Social Innovation Fund Grants: One Applicant Discusses Its Proposal

April 7, 2010 | Read Time: 2 minutes

In announcing the new director of the Social Innovation Fund, Paul L. Carttar, the Corporation for National and Community Service said that more than 200 groups had indicated they planned to apply for the $50-million in grants that the fund will award this year.

But officials declined to say who, or specifically what kind of groups, had sent the letters.

One applicant, however, has fessed up: New Profit, a charity in Cambridge, Mass., that specializes in providing money to promising nonprofit groups, kind of like the Social Innovation Fund itself. New Profit also happens to be Mr. Carttar’s former employer (though he will recuse himself from any discussions of the organization during the grant-awards process).

Kim Syman, a managing partner at New Profit, says the group is applying for a social-innovation grant in the area of youth development. Like other applicants, New Profit is seeking the money as an “intermediary” grant maker that, in turn, would provide grants to nonprofit groups.

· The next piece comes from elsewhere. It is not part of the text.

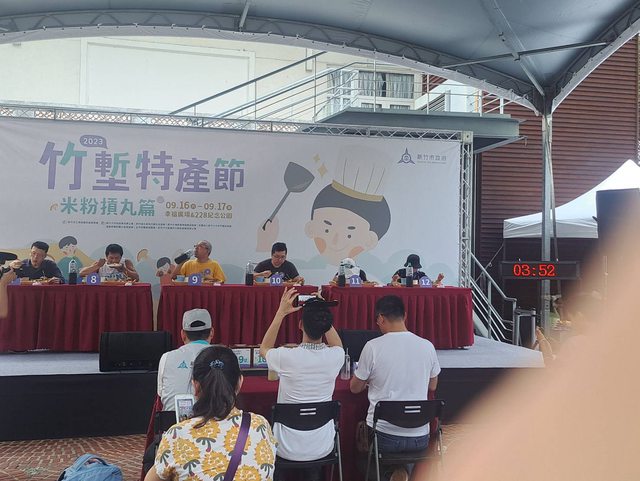 他們比賽吃的是 炒米粉+摃丸湯+青草茶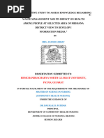 This document summarizes a research thesis submitted to Kampala University in partial fulfillment of the requirements for a Master of Public Health degree. The thesis assesses the knowledge, attitudes, and practices of healthcare workers regarding medical waste management at Gabiley General Hospital in Somalia. It includes declarations of original work, approval from the thesis supervisor, acknowledgements, a list of abbreviations, and outlines of the thesis contents including chapters on the introduction and background, literature review, methodology, results, discussion, conclusions, and recommendations.

“We’ve been doing the kind of work that is called for by the SIF for a long time,” Ms. Syman says. “We feel really committed to be part of trying to demonstrate what this kind of fund can do.”


She says New Profit, which has never applied for government money before, would raise new money, as well as provide some that it has on hand, to meet the requirement that it match the federal dollars.

As might be expected, Ms. Syman has high praise for Mr. Carttar’s appointment, saying his experience as a member of New Profit’s senior management team gave him good insight into the ways “communities can identify and access innovation.”

Given his background, which also includes government work, “we could hardly think of people in the nation who understand this and have been more out in front on this than Paul,” she says.